## REQUIREMENT
Go to the line with "tranquillità e riposo…" in the material below and copy from there through the line with "Plus Size Coquette", exactly. Pictures are not copied.

## SUPPLIED INFORMATION
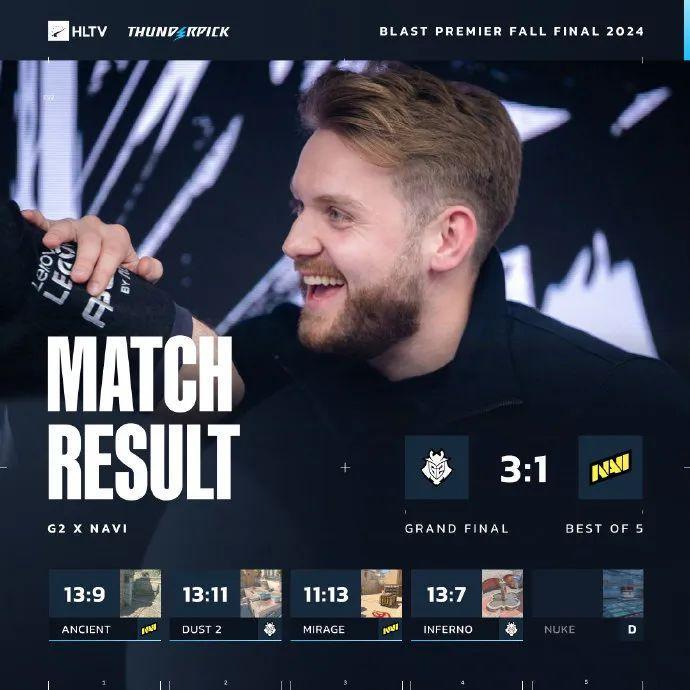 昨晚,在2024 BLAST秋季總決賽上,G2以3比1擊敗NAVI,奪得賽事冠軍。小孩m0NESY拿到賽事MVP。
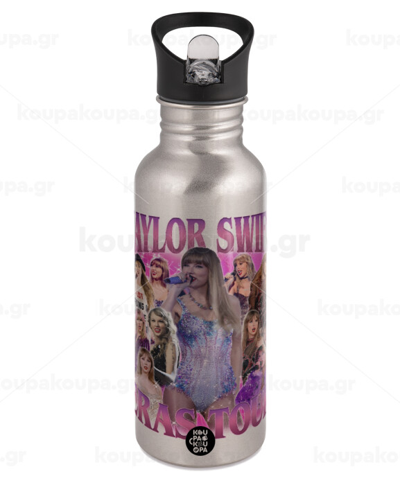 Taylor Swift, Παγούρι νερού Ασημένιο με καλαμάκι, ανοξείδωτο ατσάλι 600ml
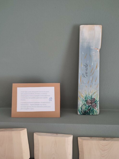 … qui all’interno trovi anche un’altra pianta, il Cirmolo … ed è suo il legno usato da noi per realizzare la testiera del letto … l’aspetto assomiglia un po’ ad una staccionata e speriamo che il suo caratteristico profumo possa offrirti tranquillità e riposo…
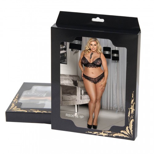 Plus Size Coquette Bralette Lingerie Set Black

...

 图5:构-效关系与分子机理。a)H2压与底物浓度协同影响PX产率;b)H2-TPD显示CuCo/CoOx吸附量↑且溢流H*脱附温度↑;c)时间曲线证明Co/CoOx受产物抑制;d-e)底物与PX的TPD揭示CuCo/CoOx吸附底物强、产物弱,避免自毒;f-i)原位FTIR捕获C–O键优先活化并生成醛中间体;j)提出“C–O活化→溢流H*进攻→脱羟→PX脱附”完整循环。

...

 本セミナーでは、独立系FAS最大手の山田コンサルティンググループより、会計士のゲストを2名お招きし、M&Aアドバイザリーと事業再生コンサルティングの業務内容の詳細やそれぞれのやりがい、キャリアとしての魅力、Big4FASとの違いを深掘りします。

## RESULT OF THIS EXERCISE
 … qui all’interno trovi anche un’altra pianta, il Cirmolo … ed è suo il legno usato da noi per realizzare la testiera del letto … l’aspetto assomiglia un po’ ad una staccionata e speriamo che il suo caratteristico profumo possa offrirti tranquillità e riposo…
 Plus Size Coquette Bralette Lingerie Set Black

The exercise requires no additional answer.